0xfffff000 is PDE[1023] which is the last page table. We can work backward to find all of the page table virtual addresses: 0xffffe000 is PDE[1022] which is second to last page table. 0xffffd000 is PDE[1021] ... 0xfff00000 is PDE[768] this is typically the kernel page table for higher half kernels at 3GB ... 0xffc00000 is PDE[0]
Recursive mapping on other entries
All virtual addresses is based on which PDE you decide to recursively map. We mapped the 1023 entry as it is what we use in our operating system -- although it is also what Linux uses. A problem with recursive paging is that it allocates a range of virtual addresses for the page tables and page directory which of course effects the address space layout of your operating system design. So sometimes it may make sense to select a different entry to recursively map. For a real world example of using a different entry we can look at Windows.
Consider that each PDE represents a 4MB region of the address space. Select a 4MB region that you would like to reserve for page tables and that is the entry for you to recursively map. I.e. If you recursively map PDE[768].PageFrameNumber = Page Directory you would have effectively mapped 0xc0000000 - 0xC0400000 for paging structures - this is method used in Windows.

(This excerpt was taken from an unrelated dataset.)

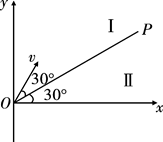 ,第一象限内有两个方向都垂直纸面向外的匀强磁场区域I和II,直线OP是它们的边界,OP上方区域I中磁场的磁感应强度为B。一质量为m,电荷量为q的质子(不计重力)以速度v从O点沿与OP成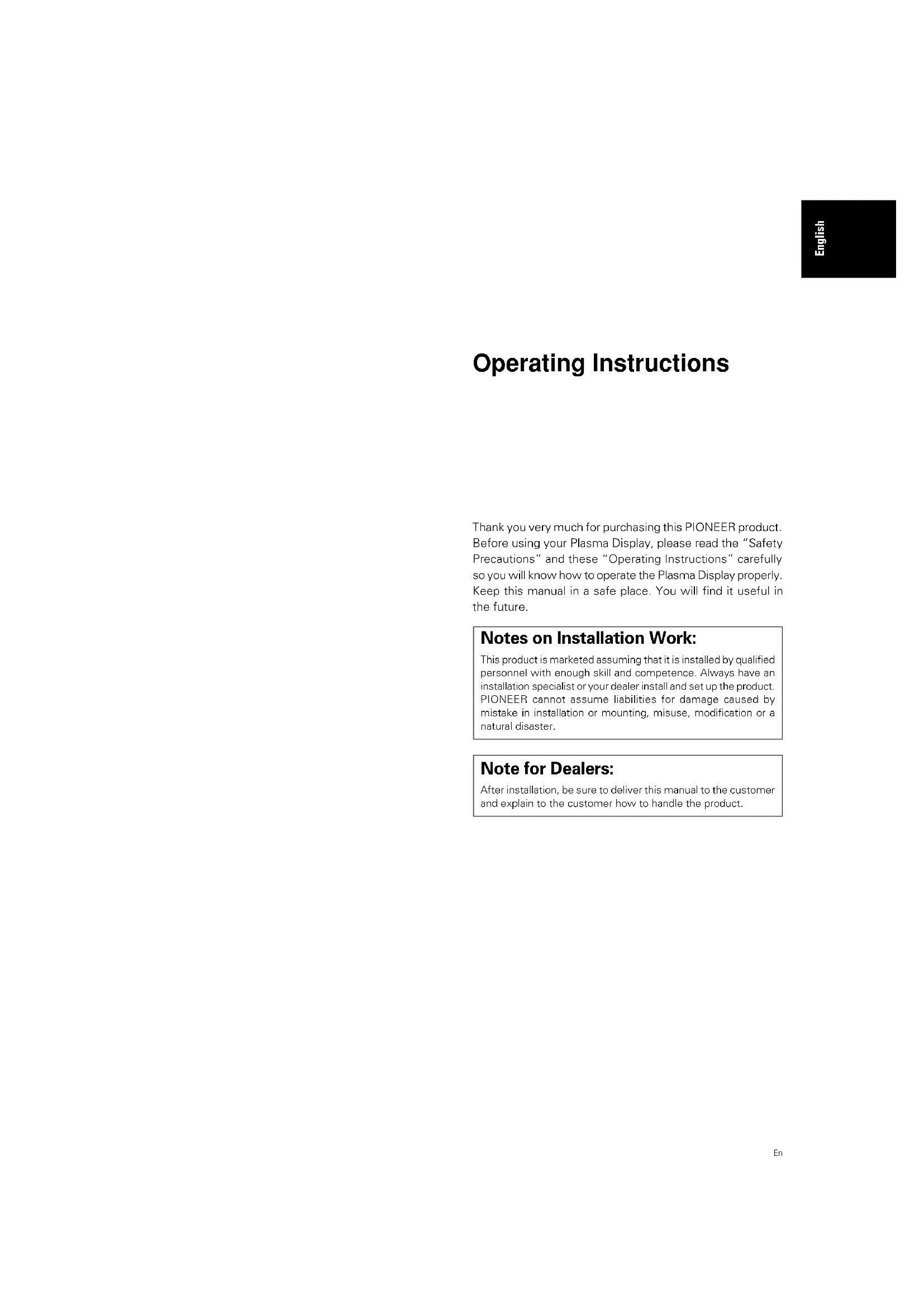 Safety Precautions Français English Operating Instructions Thank you very much for purchasing this PIONEER product. Before using your Plasma Display, please read the “Safety Precautions” and these “Operating Instructions” carefully so you will know how to operate the Plasma Display properly. Keep this manual in a safe place. You will find it useful in the future. Notes on Installation Work: This product is marketed assuming that it is installed by qualified personnel with enough skill and competence. Always have an installation specialist or your dealer install and set up the product. PIONEER cannot assume liabilities for damage caused by mistake in installation or mounting, misuse, modification or a natural disaster. Note for Dealers: After installation, be sure to deliver this manual to the customer and explain to the customer how to handle the product.ii

The method works the same, PTE[768] refers to the page directory which would be located at 0xc0000000+(768*4096) = 0xC0300000.
Things to think about
No matter what, 4MB of the address space gets reserved for paging structures since each PDE represents 4MB and you need to recursively map an entry. The benefit however is that this greatly simplifies paging code as all paging structures will be at specific locations in the address space. However...this means if you need to update the paging structures of some process K you must first switch to the process K address space before you can update the paging structures.
So how does this solve that pesky chicken and egg scenario? We no longer need to manage or think about where paging structures are in the virtual address space: we always know where they are and can easily access them to perform updates.